The device, approved by the FDA last year to help patients with multiple sclerosis with gait deficit improve their walking ability, is a non-implantable device that delivers mild electrical stimulation to the dorsal surface of the patient’s tongue. The PoNS, available in Canada since 2019, consists of a controller that goes around the neck and a mouthpiece that rests on the front of the tongue. Electrodes send mild electrical impulses to the tongue to stimulate two cranial nerves that have direct connections into the brain through the brainstem.

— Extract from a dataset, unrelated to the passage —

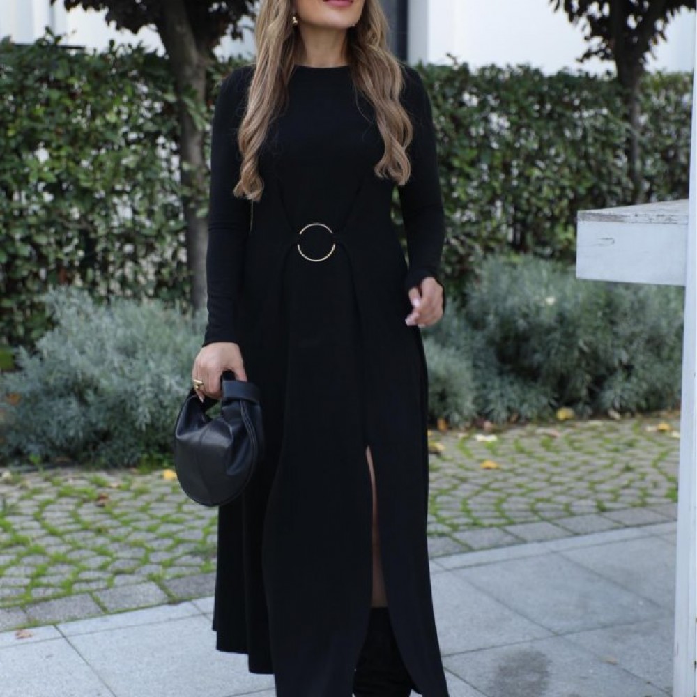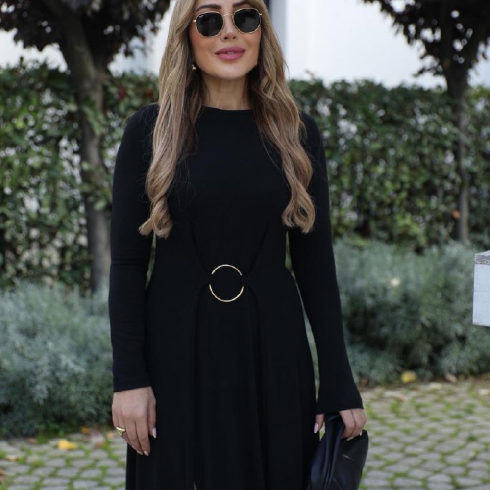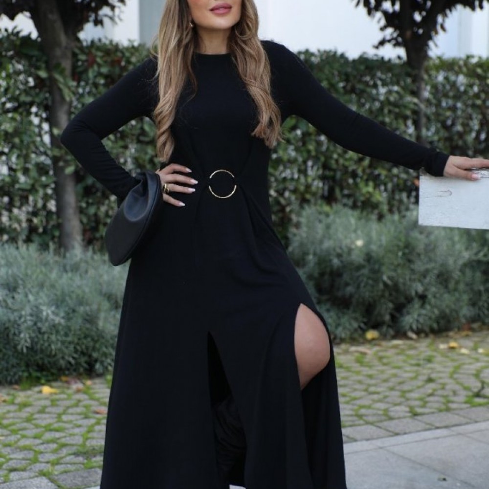 Kadın Uzun Kollu Bisiklet Yaka önden Halka Detaylı Yırtmaçlı Uzun Visk

Roth Capital Partners was lead placement agent and Maxim Group LLC was co-placement agent for the stock offering.
AnPac Bio-Medical Science Co.
The biotechnology company's board of directors appointed Yuyang Cui as AnPac's co-chairman and co-CEO.
Founded in 2010, AnPac is focused on early cancer screening and detection. The company has operations in China and in Montgomery County at the Spring House Innovation Park.
Cui, who is sharing the chairman and CEO titles with Chris Chang Yu, will be primarily responsible for searching and presenting potential business opportunities to the company's board and handling capital markets strategy and related activities. Yu is responsible for general operations and other related activities not outlined for Cui.
Last month, the company's shareholders passed a resolution calling for the removal of Aidong Chen as AnPac's then co-chairman and co-CEO. No explanation for the decision was provided by the company.
Aro Biotherapeutics
The Philadelphia biotechnology company pioneering the development of tissue-targeted genetic medicines said the FDA granted orphan drug designation for ABX1100, the company's experimental Pompe disease treatment.
The new drug candidate targets the GYs1 gene in the muscle of patients with the condition.
Pompe disease is a rare genetic disease that afflicts an estimated 5,000 to 10,000 people worldwide. The condition is characterized by debilitating muscle weakness that progresses over time and arises from a mutation in the enzyme responsible for breakdown of glycogen in the muscle. Because of the mutation, patients with Pompe disease have elevated levels of glycogen, which drives disease progression. Patients are currently treated with enzyme replacement therapy, but the inability to target and deliver the therapy to skeletal muscle has limited the efficacy and safety profile of such treatments.
Dr. Mitte Doyle, Aro's chief medical officer, said the company expects to advance ABX1100 to clinical trials in the coming year.
Companies whose products receive orphan drug designation receive incentives to develop treatments for conditions with small patient populations. Those incentives include tax credits and fee exemptions.
Quick Hits
Philadelphia-based Passage Bio (NASDAQ: PASG) dosed its first patient in a Phase 1/2 clinical trial evaluating PBFT02, a gene therapy being developed as a treatment for patients with frontotemporal dementia — a form of early onset dementia. … Nabriva Therapeutics (NASDAQ: NBRV) of Fort Washington said it has completed patient enrollment for its Phase 1 clinical trial to assess the safety and pharmacokinetics of oral and intravenous Xenleta in adult patients with cystic fibrosis.